Les guitares (Hauptmann Feuerschwanz, Prinz Hodenherz et Hans der Aufrechte) et la basse (Jarne Hodinsson) sont beaucoup plus présentes que sur les précédentes productions et apportent une véritable intensité. Plus ou moins saturées selon les titres, elles passent de gros riffs rapides et soli heavy (« Meister der Minne », « Totentanz », « Malleus Malificarum ») à un folk rock presque indie (« Schildmaid »). La batterie (« Sir Lanzeflott ») est le plus souvent là en soutien de la partie metal, mais se retrouve parfois mise en avant sur des tempi particulièrement marqués, où elle oriente alors l’ensemble.De leur côté, les instruments folks sont tout aussi omniprésents : violon et vielle à roue (Johanna von der Vögelweide) sont particulièrement mis en avant, et de façon plus discrète, flûte, cornemuse (Prinz Hodenherz) et mandoline se font aussi entendre régulièrement.

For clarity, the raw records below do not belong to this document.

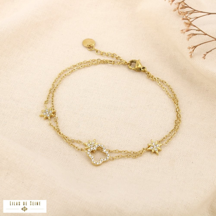 Ce bracelet en acier inoxydable se distingue par ses pendentifs étoile et trèfle délicatement sertis de strass, offrant une touche lumineuse et raffinée au poignet. Disponible en doré et argenté, il répond parfaitement aux attentes des professionnels recherchant un bijou tendance, élégant et facile à assortir.
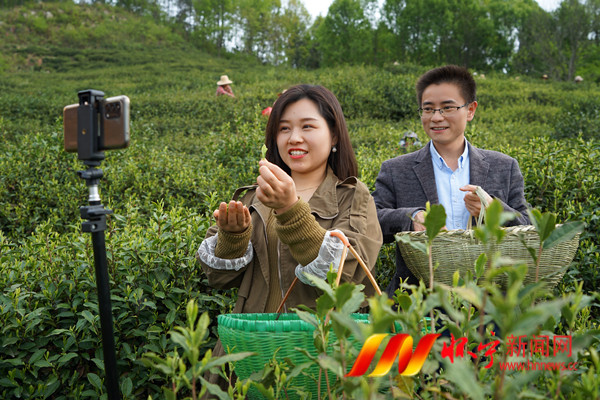 4月7日,在清河乡龙池村茶叶基地,工作人员在直播采茶。近期,清河乡龙池村2000余亩生态茶园相继进入采摘旺季,茶产业已成为当地农民增收、壮大集体经济的支柱产业。特殊时期,当地通过网络直播等方式,让消费者观看采茶、制茶、泡茶等过程,推介当地春茶,帮茶农们“卖货”,实现疫情防控和春茶生产两手抓。
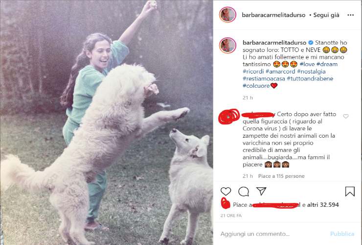 Lo ha dichiarato più volte Carmelita nel corso delle sue trasmissioni e di sue interviste a cuore aperto, che lei ama profondamente gli animali, in particolare i cani. E ieri- per l’ appunto- ha voluto ricordare con un post Social i suoi più grandi amici pelosi: Totto e Neve. E lo ha fatto postando uno scatto squisitamente vintage, certamente non digitale, dai colori autunnali, ove lei, giovanissima, forse poco più che adolescente, con una coda di cavallo e i capelli mossi e lunghissimi, e con indosso una tuta o un pigiama verde acqua,. si appresta a giocare con loro in giardino.
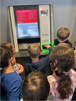 Ganz viele Sachen durften wir sogar selbst ausprobieren. An den Geldautomaten durften wir zuerst mit EC -Karte und dann mit Smartphone Geld abheben und einzahlen.
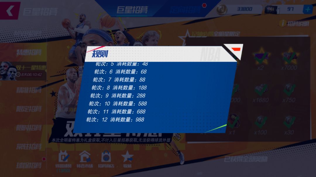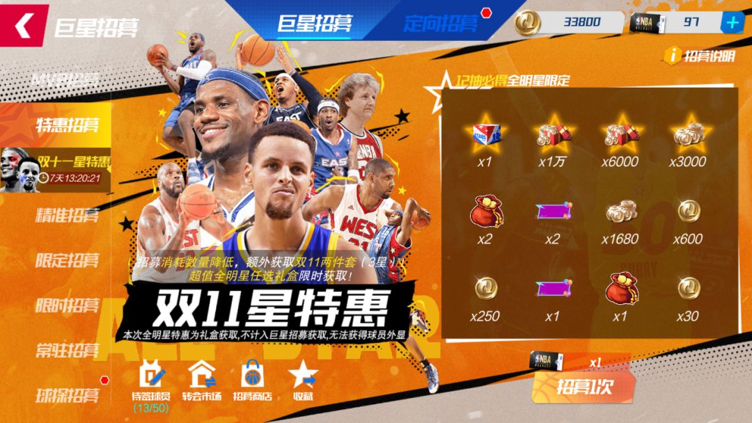 Tips:本次全明星特惠为礼盒获取,不计入巨星招募获取,无法获得球员外显,全明星球员可以在自由市场售卖。
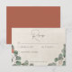 Svarskortet i bröllop utan middagsval har en enkel grönt med mjuka vattenfärger och spraysprej med rost på en vintage som är utsatt för krämer. Det är känsligt, elegant och underskattat. Skapat av Farmhouse Press.
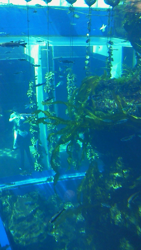 これは潮目の水槽をぐるっとまわって、したに降りてきたところから見た写真です。
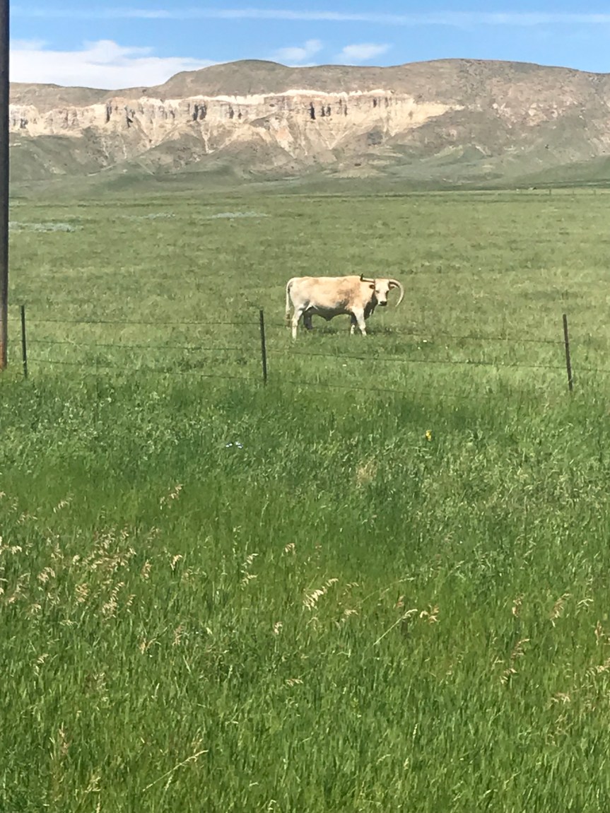At the bottom was a vast valley with Square Butte on my left and Antelope Butte on my right. The cave-like holes in the face of the butte caught my eye as did the defective longhorn steer in the field between the butte and me.
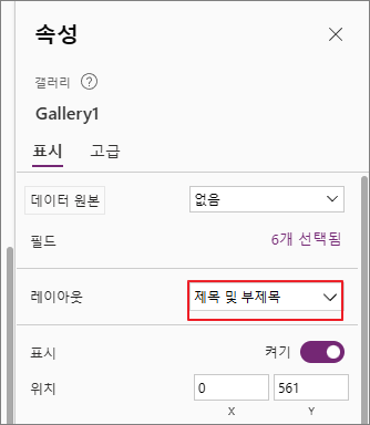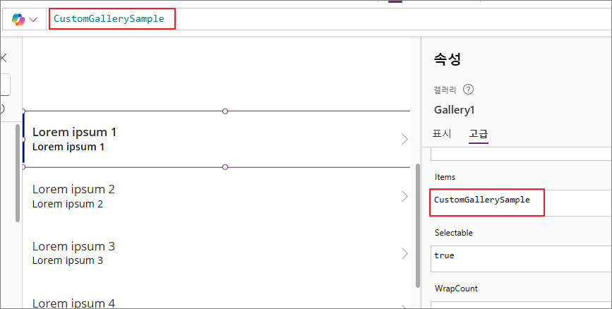 첫번째 항목 전체(Gallery 개체)를 선택 -> Items 속성을 변경하거나 상단의 속성에 qrScanner.Barcodes 를 입력합니다.
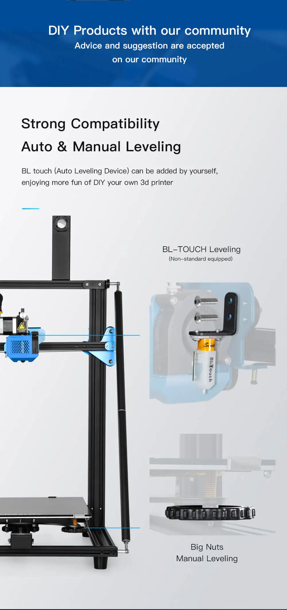 BL touch (Auto L eveling Device) can be added by yourself, enjoying more fun of DIY your own 3d printer
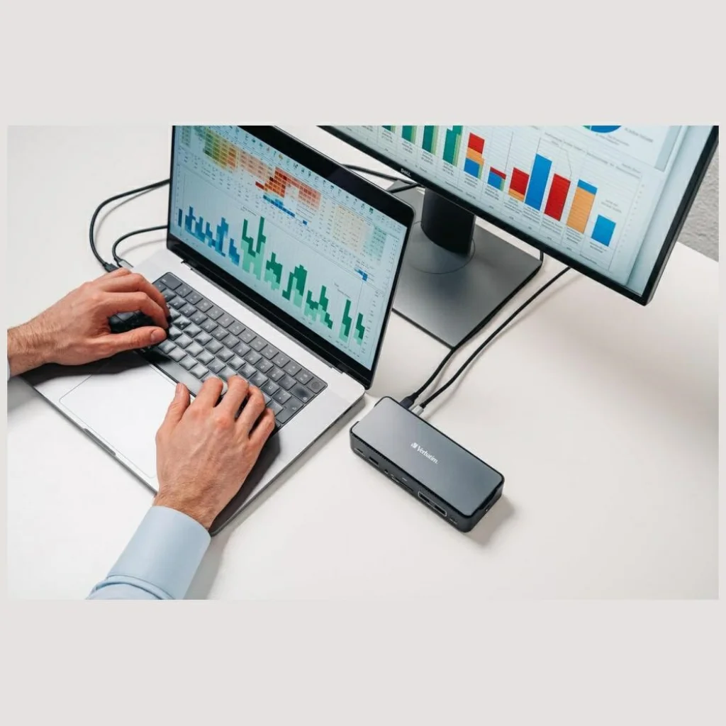 A Verbatim 15 az 1-ben USB-C dokkolóállomás a modern digitális munkakörnyezet alapköve. Ez a kompakt és stílusos eszköz 15 portot egyesít, hogy egyszerűsítse a csatlakozást és maximalizálja a hatékonyságot, legyen szó otthoni irodáról, kreatív projektekről vagy multimédiás felhasználásról. A legújabb technológiákat ötvözve kínál villámgyors adatátvitelt, lenyűgöző vizuális élményt és számos bővítési lehetőséget.
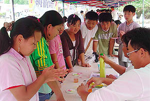 이가운데 학생과 학부모, 교사 등이 함께 어우러진 창의성 부스 체험이 눈길을 모았다. 아로마 향초를 비롯해 호루라기 피리 만들기, 광섬유 만들기, 대나무 단소 만들기 등 24개 창의 부스가 학생들의 호기심을 자극했다.
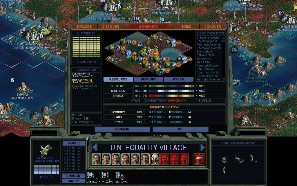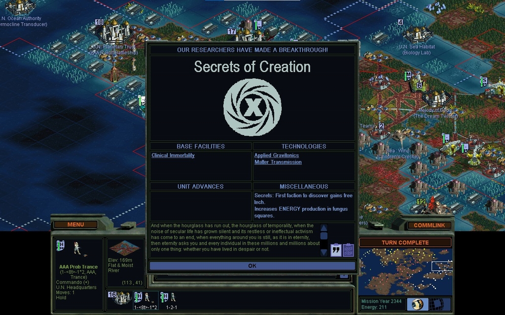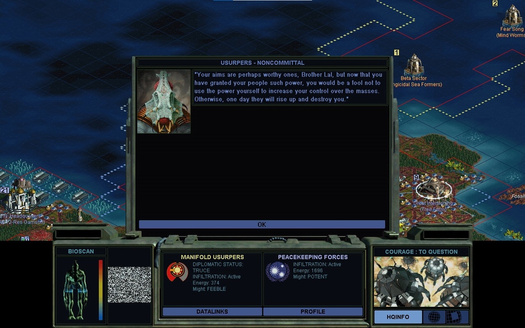 Truth is, Power and Thought Control don't actually do anything for me that I need.  If I actually wanted to make troops, nobody could touch me anyways.  I'm not at much risk of having my bases subverted, as my screen of 3-Pulse probe teams is well underway.  I'm not out on campaign so my POLICE rating doesn't matter, and I'm sure I could trash everyone with 1 unit per city anyways.  Not that I really have to stick to that, as pretty soon I'll have lotsa extra Empaths in various cities.  Plus I could also make Brood Pits.  That again was supposed to be a late game wonder facility that nobody would actually use, and I'm surprised I'm playing a game where I might consider doing it.  I could home all my nukes to 1 city that doesn't get unhappy about them, for instance.

La voix de Hauptmann Feuerschwanz relie parfaitement le tout : il chante exclusivement en voix claire, mais possède un timbre guttural qui évoque aussi bien le metal que certains chants médiévaux, ce qui n’est pas sans rappeler  le vocaliste d’In Extremo, Das letzte Einhorn. Ses harmonies avec les choristes apportent d’ailleurs une touche médiévale supplémentaire fort bien tournée, et il est capable d’adopter une voix nettement plus suave ou poignante qui apporte des variations bienvenues.


On sent une réelle hausse de niveau chez le sextette allemand : tout est plus juste, plus en place, plus travaillé. Le son plus lourd est mis en valeur par une production efficace, qui ne ressemble en rien aux premières sorties approximatives de Feuerschwanz : exit cet aspect Fête de la bière qui s’entendait un peu trop sur les précédents albums. L’album est cohérent et garde cet aspect épique mais globalement joyeux et entrainant. On pourrait reprocher une trop grande homogénéité, rendant quelques chansons redondantes, et quelques facilités ici et là, qui rendent certains morceaux artificiellement accrocheurs. Mais on trouve suffisamment de chansons qui se démarquent et convoquent des influences diverses pour ne pas bouder notre plaisir : des rythmes ska sur « Metfest », une épopée viking conclue par des relents de Rammstein sur « Kampfzerg », du folk rock sur « Schildmaid », du chant religieux (bon, d’accord, des religieux sous speed) sur « Malleus Malificarum »…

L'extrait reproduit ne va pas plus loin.